Oltre alle armi, i soldati necessitano di vestiti, guanti e cappotti. Scendono in campo migliaia di sarte: tra il luglio 1916 e il giugno del 1917, nella sola città di Cuneo, sono confezionati 36.689 abiti, da 2.235 lavoratrici, le cui mani cuciono e tagliano in laboratori di fortuna, atélier improvvisati e nelle stanze delle case. Ai soldati non occorrono solo divise, ma anche scarpe: se ne occupano le concerie di Bra, diventate i principali fornitori dell’Arsenale Militare di Torino e del 34° Reggimento di Artiglieri di Rodi.
Anche le industrie meccaniche iniziano a lavorare per la guerra. Dichiarate ausiliarie, la SNOS di Savigliano e le Officine Manfredi e Bongioanni producono a pieno ritmo: a Savigliano le attrezzature belliche e gli aeroplani prendono il posto di vagoni e carri ferrati, mentre ogni giorno dai cancelli di Fossano e da quelli di Mondovì escono, rispettivamente, 800 e 1.800 bombe a mano.
Nutrita tra i reparti della SNOS è la presenza femminile. Donne che al termine del conflitto, quando le aziende devono confrontarsi con i problemi del reinserimento dei reduci e della riconversione industriale, escono a migliaia dalla fabbrica, lasciando nuovamente spazio all’operaio specializzato, ritornato a coprire un ruolo di primo piano nelle officine in tempo di pace.

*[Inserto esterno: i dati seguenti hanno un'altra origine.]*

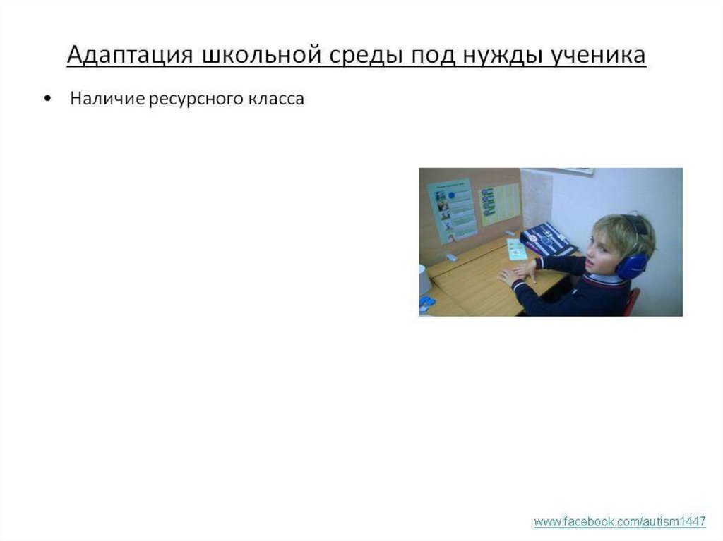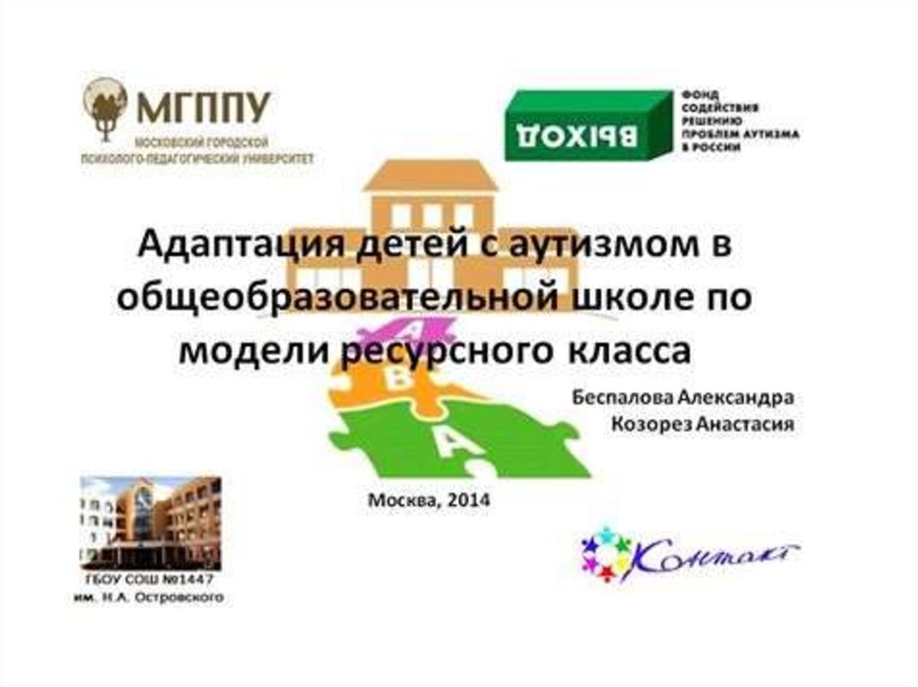 Адаптация детей с аутизмом в общеобразовательной школе по модели ресурсного класса

Se per alcuni settori produttivi della provincia la guerra coincide con un aumento dei profitti, per altri segna un periodo di grande difficoltà: è il caso delle industrie agroalimentari ed enologiche, colpite da un calo delle esportazioni e dei consumi e dal comparto agricolo, trovatosi a fare i conti con lo spopolamento delle campagne, che vedono tra il 60 e il 70 % degli uomini partire per il fronte, a dimostrazione di come siano stati principalmente i figli della terra a combattere e a morire sul fronte della prima guerra mondiale.

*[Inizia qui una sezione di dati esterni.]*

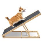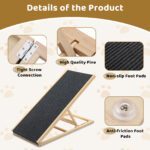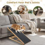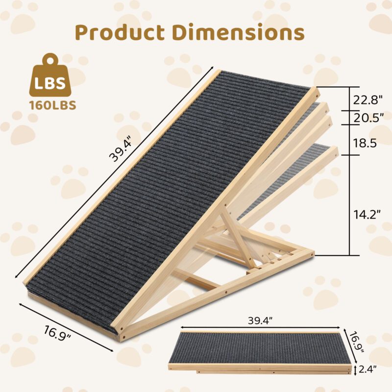 Provide comfort and independence for your furry friend with this sturdy, adjustable pet ramp. Designed for small and large dogs, it helps pets safely reach high beds, couches, and vehicles without joint strain. Features four adjustable heights (14.2, 18.5, 20.5, 22.8 inches) to accommodate different surfaces. The soft fabric-covered surface ensures secure grip, while durable pine wood construction with non-slip foot pads offers stability. Foldable design allows easy storage and transport. Ideal for aging or small pets needing mobility assistance. Folded dimensions: 39.4 x 17 x 2.4 inches. Net weight: 7.7 lbs.

Il 24 maggio 1915 l’Italia dichiara guerra all’Austria e fa il proprio ingresso nel primo conflitto mondiale. È chiamato al fronte un paese che deve oliare la propria macchina bellica, non attrezzata a scendere sui campi di battaglia: occorre dare all’esercito equipaggiamento ed armi. L’aumento delle commesse belliche rafforza le imprese operanti nel settore chimico, elettrico, estrattivo e metallurgico-meccanico.